Then, water was added to make the reaction, and extraction was carried out with diethyl ether. The organic phase was dried over sodium sulfate, filtered and concentrated. Thereafter, the object of the above formula (1-202) was isolated by ruthenium dioxide gel column chromatography (developing solvent: hexane / dichloromethane = 2 / 1).

(Synthesis Example 4)

The compound of the formula (1-107) was synthesized by the method shown below.

The above formula (1-204) was synthesized by the method shown below. Compound.

2-Bromodibenzothiophene (13.16 g, 50 mmol) represented by the above formula (1-203), and the above formula (1-195) were placed in a 300 mL Schlenk tube equipped with a stirring member and replaced with argon. Aniline (4.66 g, 50 mmol), palladium acetate (225 mg, 1.0 mmol), toluene (150 mL), tri-tert-butylphosphine (202 mg, 1.0 mmol) and potassium butoxide (5.61 g, 50 mmol) Seal it. Thereafter, the mixture was stirred at 100 ° C for 18 hours.

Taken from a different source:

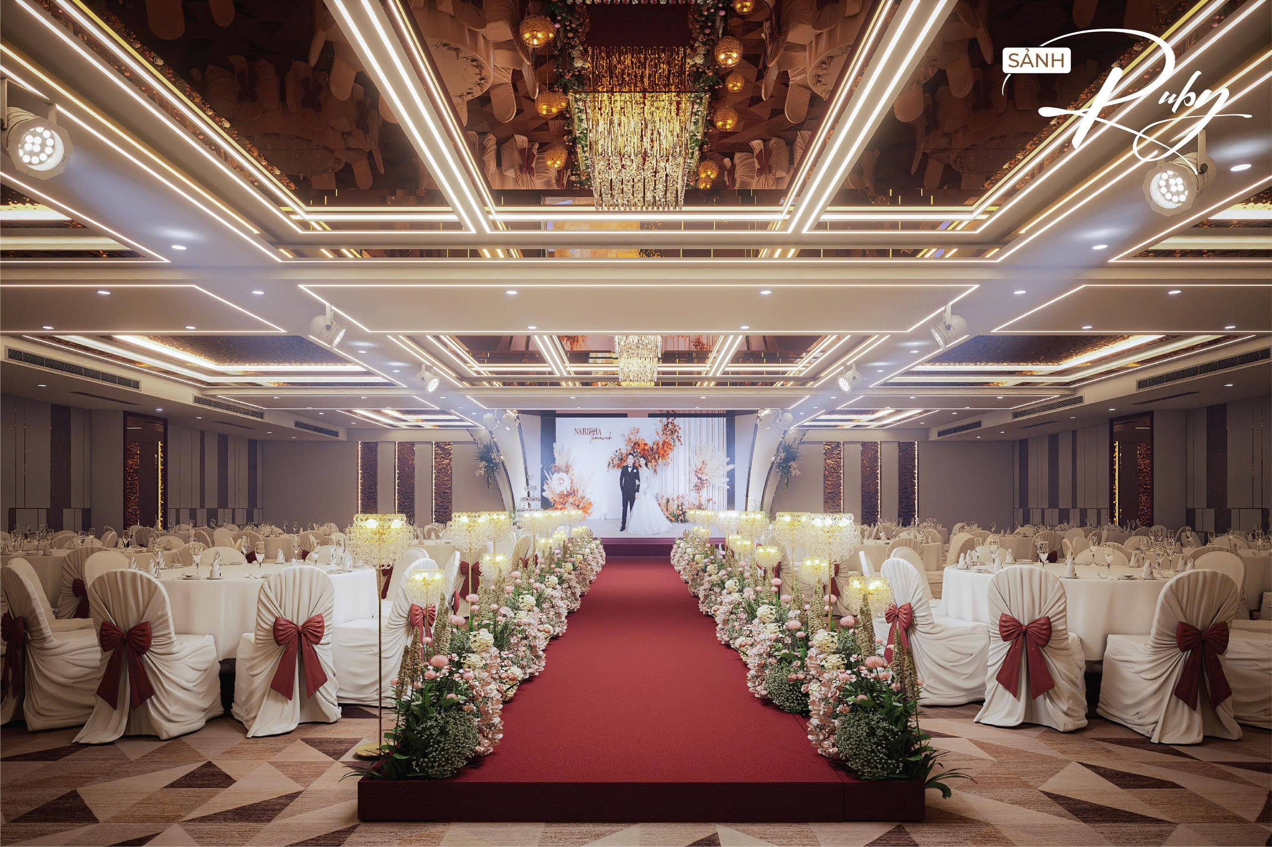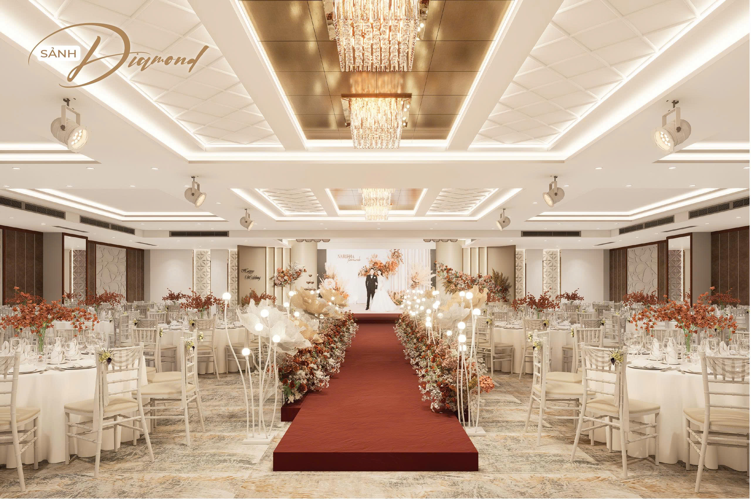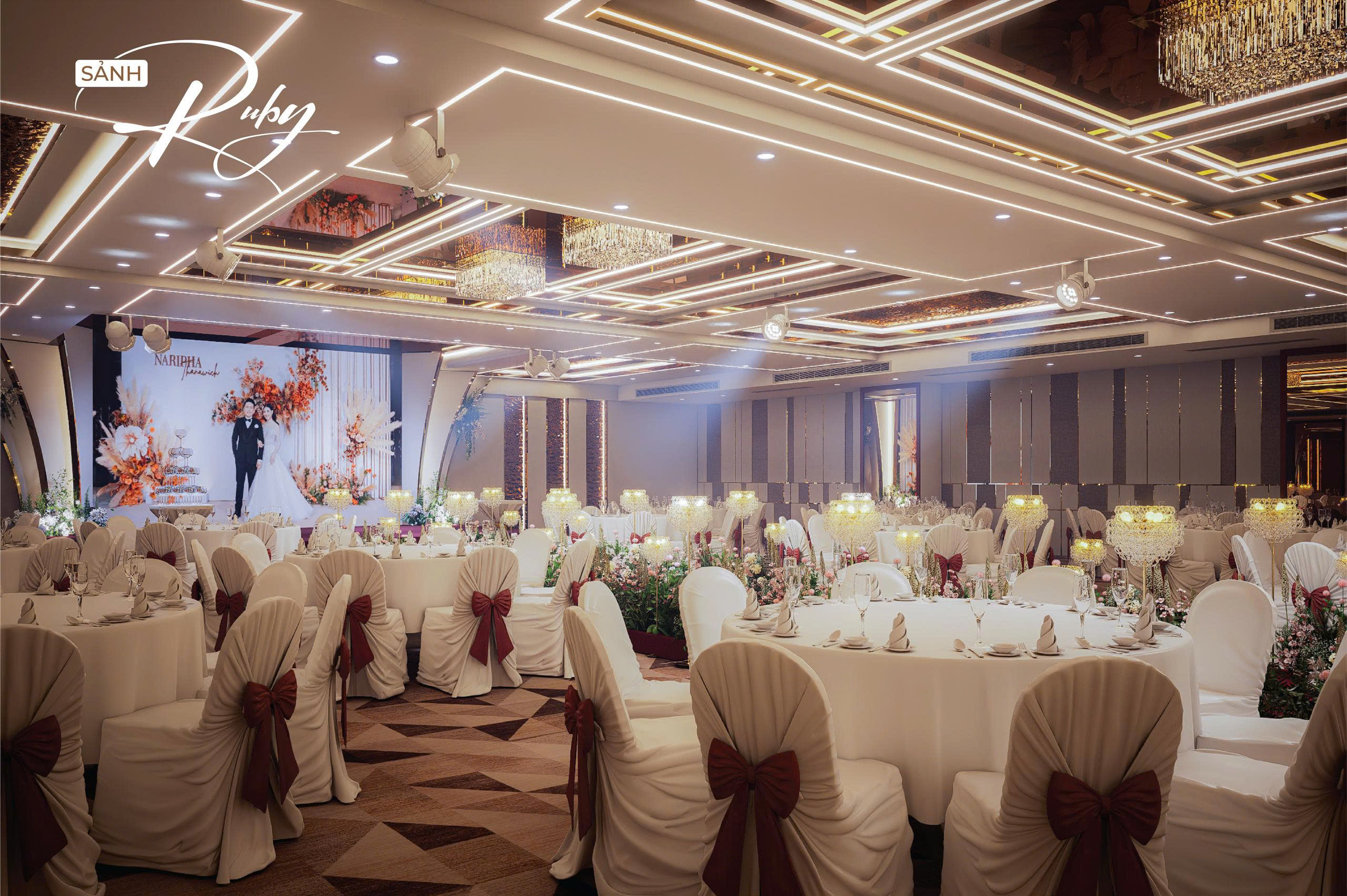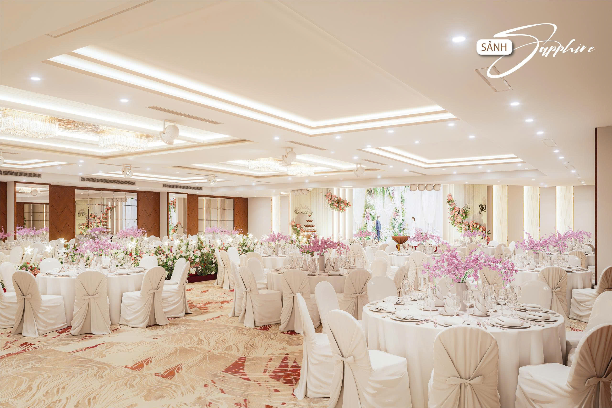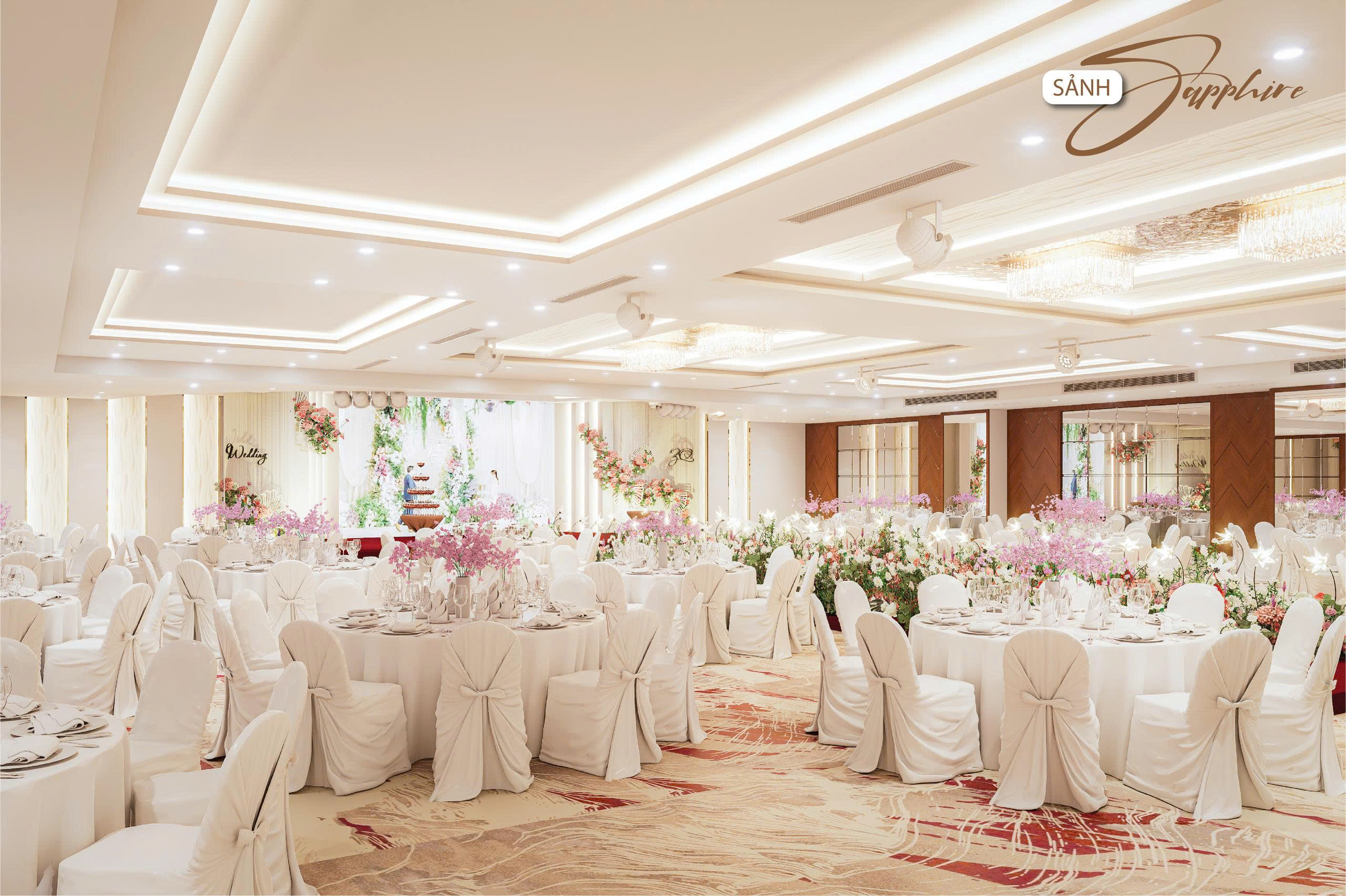 Nhằm hướng đến sự phục vụ HOÀN MỸ hơn dành cho Khách hàng. Những thực đơn đa dạng, không gian lộng lẫy – sang trọng cùng với các dịch vụ hoàn hảo… sẽ mang đến cho quý Khách hàng một sự kiện ấm cúng, sang trọng nhiều ý nghĩa. Với các chùm đèn pha lê được thiết kế sang trọng, mỗi sảnh đều có một sảnh đón khách riêng biệt.

Thereafter, the reaction vessel was allowed to cool to near room temperature, and the lid was opened and water (150 mL) was placed therein. The contents were transferred to a separatory funnel to separate the organic phase from the aqueous phase, the aqueous phase was removed and the organic phase was further washed with water. The organic phase was dried over sodium sulfate. Thereafter, sodium sulfate was removed by filtration, and the organic phase was concentrated. The resulting mixture was purified by silica gel column chromatography (developing solvent: hexane/dichloromethane = 3/1) to obtain the compound of the above formula (1-204). The yield was 7.85 g and the yield was 57.1%. The synthesized compound was identified using a MS (Mass Spectrum) pattern.

Next, the compound of the above formula (1-107) was synthesized by the following method.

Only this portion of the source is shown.